# [THE DATA]
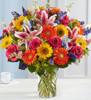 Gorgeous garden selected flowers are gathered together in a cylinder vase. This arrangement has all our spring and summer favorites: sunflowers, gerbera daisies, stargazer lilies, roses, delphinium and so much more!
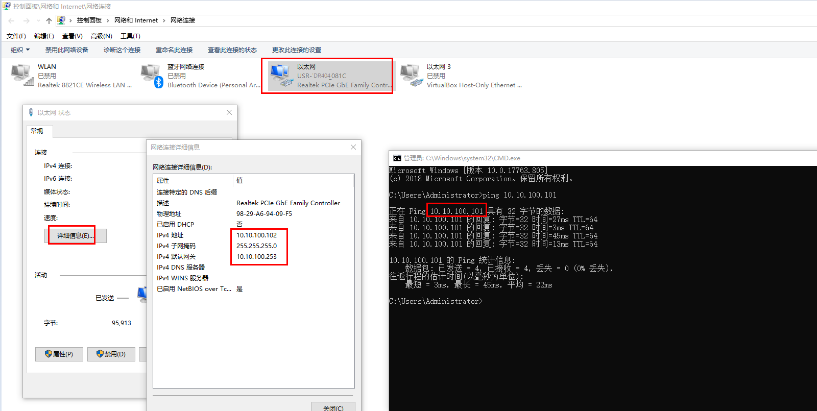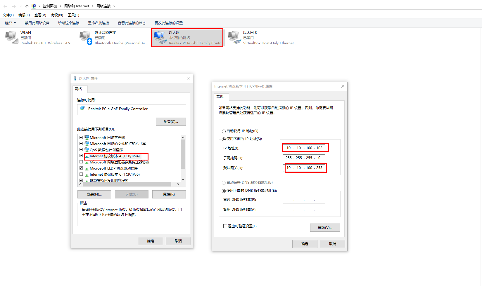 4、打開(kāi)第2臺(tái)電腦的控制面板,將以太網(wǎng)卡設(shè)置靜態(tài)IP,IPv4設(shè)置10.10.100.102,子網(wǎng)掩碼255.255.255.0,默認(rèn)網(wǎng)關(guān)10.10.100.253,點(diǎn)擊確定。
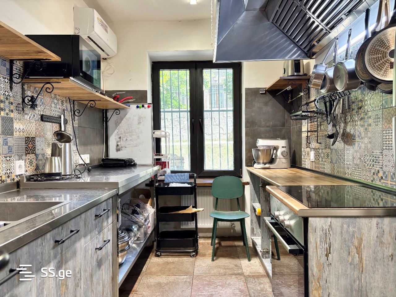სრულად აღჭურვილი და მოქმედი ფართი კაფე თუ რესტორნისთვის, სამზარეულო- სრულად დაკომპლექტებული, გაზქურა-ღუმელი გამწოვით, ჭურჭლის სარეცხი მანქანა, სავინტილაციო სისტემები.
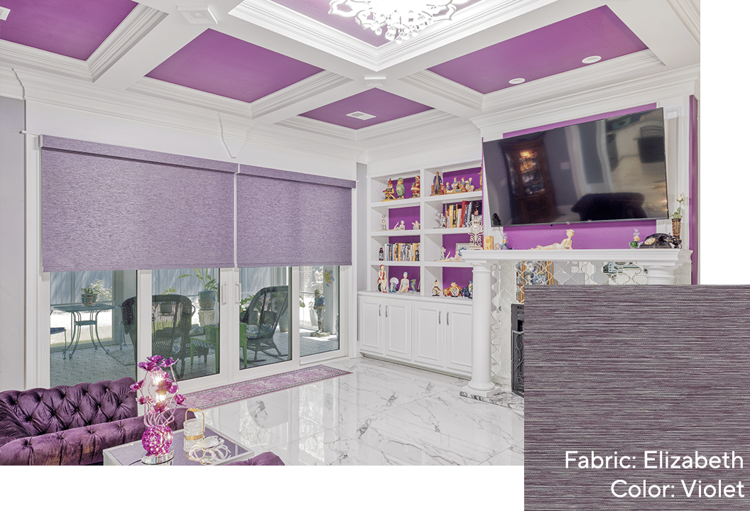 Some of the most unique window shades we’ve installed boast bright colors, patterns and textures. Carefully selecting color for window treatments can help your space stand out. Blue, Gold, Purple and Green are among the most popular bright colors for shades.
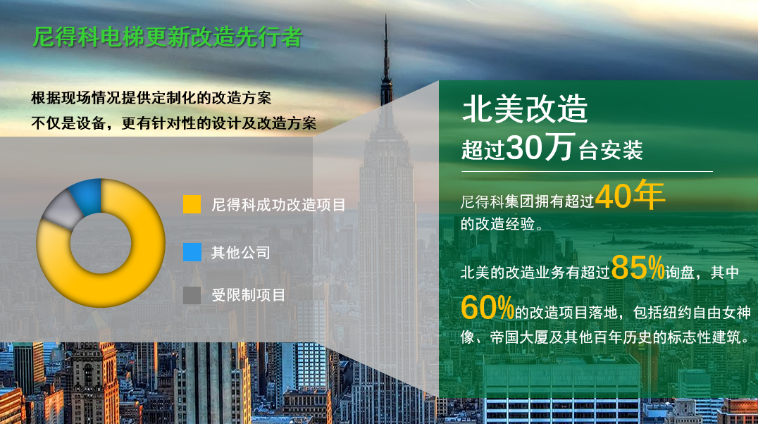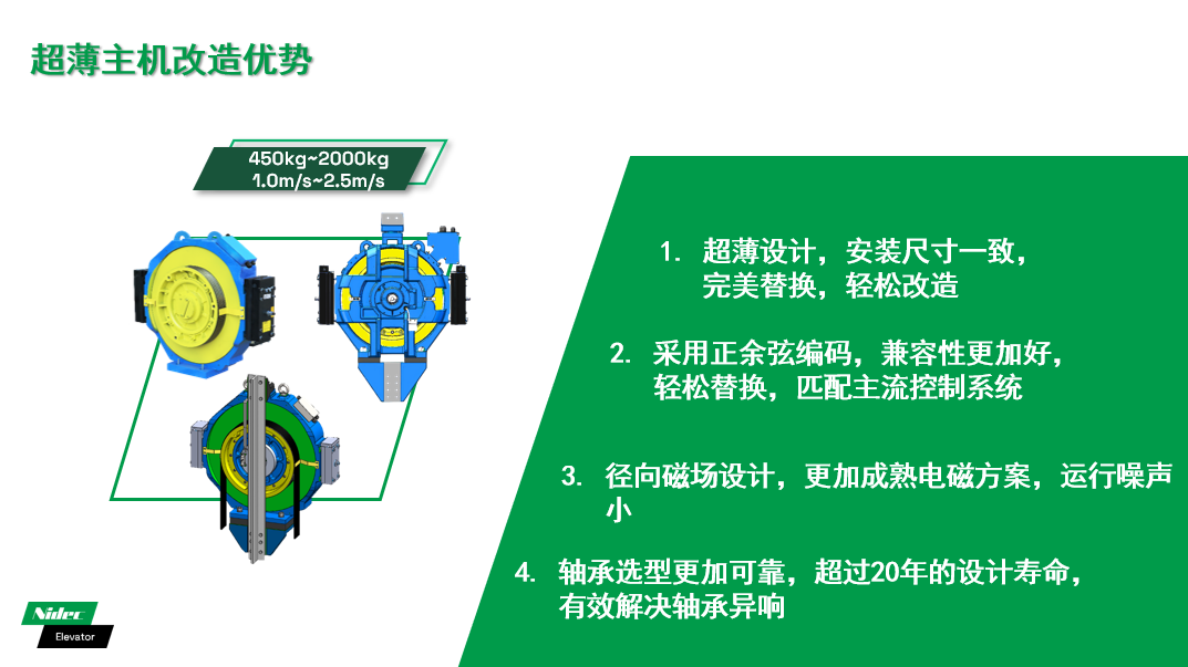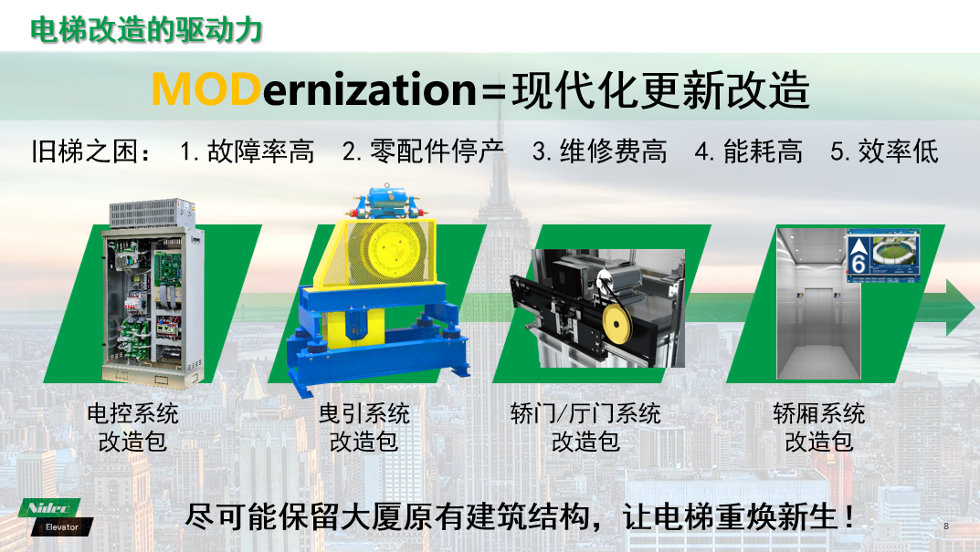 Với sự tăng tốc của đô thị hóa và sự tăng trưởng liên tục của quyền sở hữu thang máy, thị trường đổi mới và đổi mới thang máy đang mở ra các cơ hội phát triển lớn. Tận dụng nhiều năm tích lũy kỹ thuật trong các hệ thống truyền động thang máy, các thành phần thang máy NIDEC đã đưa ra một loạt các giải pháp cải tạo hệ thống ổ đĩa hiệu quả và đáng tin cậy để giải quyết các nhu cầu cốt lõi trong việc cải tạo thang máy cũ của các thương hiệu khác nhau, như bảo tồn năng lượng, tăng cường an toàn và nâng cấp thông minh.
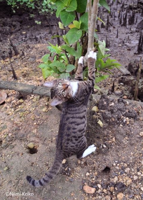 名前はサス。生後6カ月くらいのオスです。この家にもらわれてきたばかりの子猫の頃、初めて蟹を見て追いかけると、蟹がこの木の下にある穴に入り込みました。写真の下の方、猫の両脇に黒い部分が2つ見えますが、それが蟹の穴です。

---

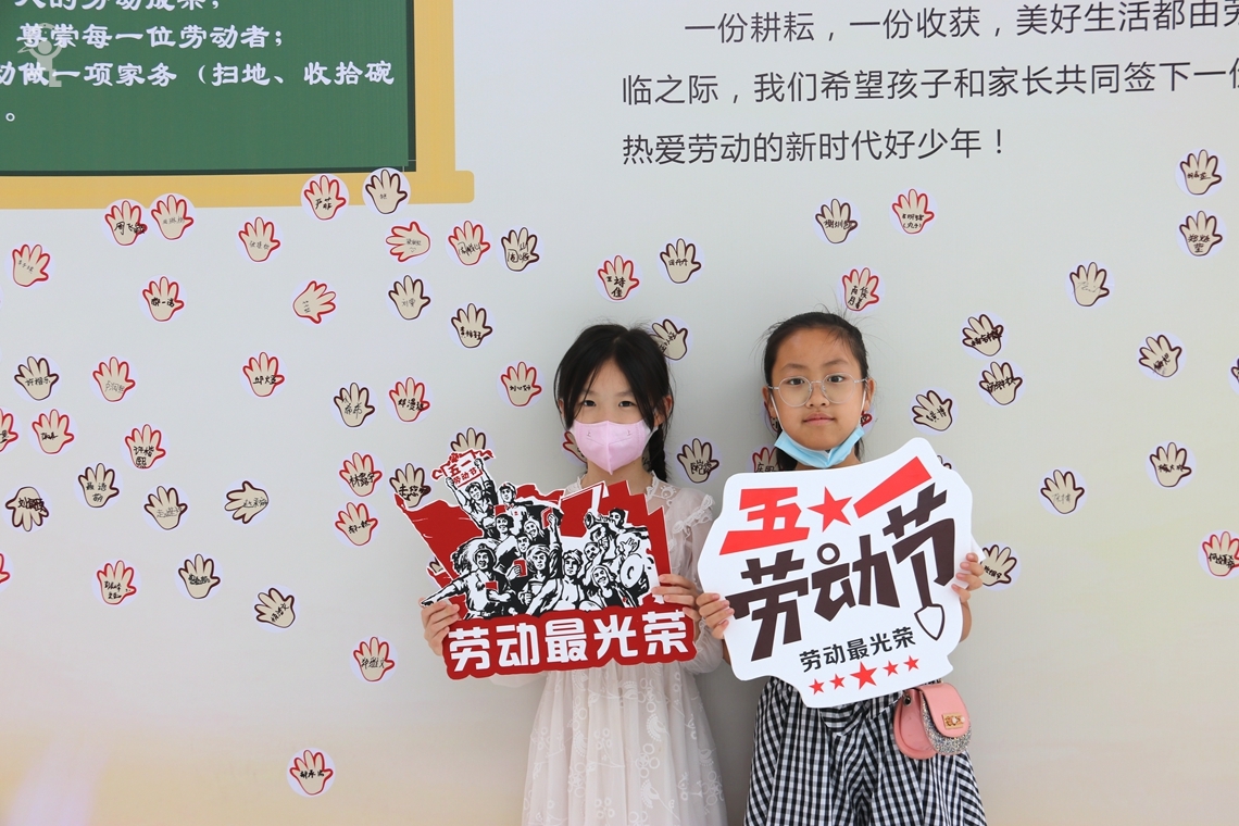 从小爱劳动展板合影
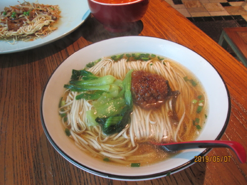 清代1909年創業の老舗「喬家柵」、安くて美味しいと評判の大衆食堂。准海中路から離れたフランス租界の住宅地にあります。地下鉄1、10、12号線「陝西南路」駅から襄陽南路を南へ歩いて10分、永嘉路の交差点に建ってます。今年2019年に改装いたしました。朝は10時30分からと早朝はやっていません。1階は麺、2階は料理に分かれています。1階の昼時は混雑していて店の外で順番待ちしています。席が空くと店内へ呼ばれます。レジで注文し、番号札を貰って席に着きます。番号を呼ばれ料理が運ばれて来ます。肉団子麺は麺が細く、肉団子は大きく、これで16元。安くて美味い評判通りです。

---

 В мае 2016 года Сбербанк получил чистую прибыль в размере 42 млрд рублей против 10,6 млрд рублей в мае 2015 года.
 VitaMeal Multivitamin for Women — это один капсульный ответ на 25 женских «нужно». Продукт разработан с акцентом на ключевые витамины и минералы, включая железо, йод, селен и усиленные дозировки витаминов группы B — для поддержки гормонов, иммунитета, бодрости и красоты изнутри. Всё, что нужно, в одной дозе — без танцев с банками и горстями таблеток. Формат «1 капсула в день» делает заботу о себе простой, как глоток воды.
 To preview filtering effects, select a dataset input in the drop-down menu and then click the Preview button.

# [WHAT NEEDS TO BE DONE]
Copy word for word the lines above, starting at the line containing "Gorgeous garden selected" and ending at the line containing "სრულად აღჭურვილი და", inclusive, with no pictures.

# [WRITTEN REPLY]
 Gorgeous garden selected flowers are gathered together in a cylinder vase. This arrangement has all our spring and summer favorites: sunflowers, gerbera daisies, stargazer lilies, roses, delphinium and so much more!
 4、打開(kāi)第2臺(tái)電腦的控制面板,將以太網(wǎng)卡設(shè)置靜態(tài)IP,IPv4設(shè)置10.10.100.102,子網(wǎng)掩碼255.255.255.0,默認(rèn)網(wǎng)關(guān)10.10.100.253,點(diǎn)擊確定。
სრულად აღჭურვილი და მოქმედი ფართი კაფე თუ რესტორნისთვის, სამზარეულო- სრულად დაკომპლექტებული, გაზქურა-ღუმელი გამწოვით, ჭურჭლის სარეცხი მანქანა, სავინტილაციო სისტემები.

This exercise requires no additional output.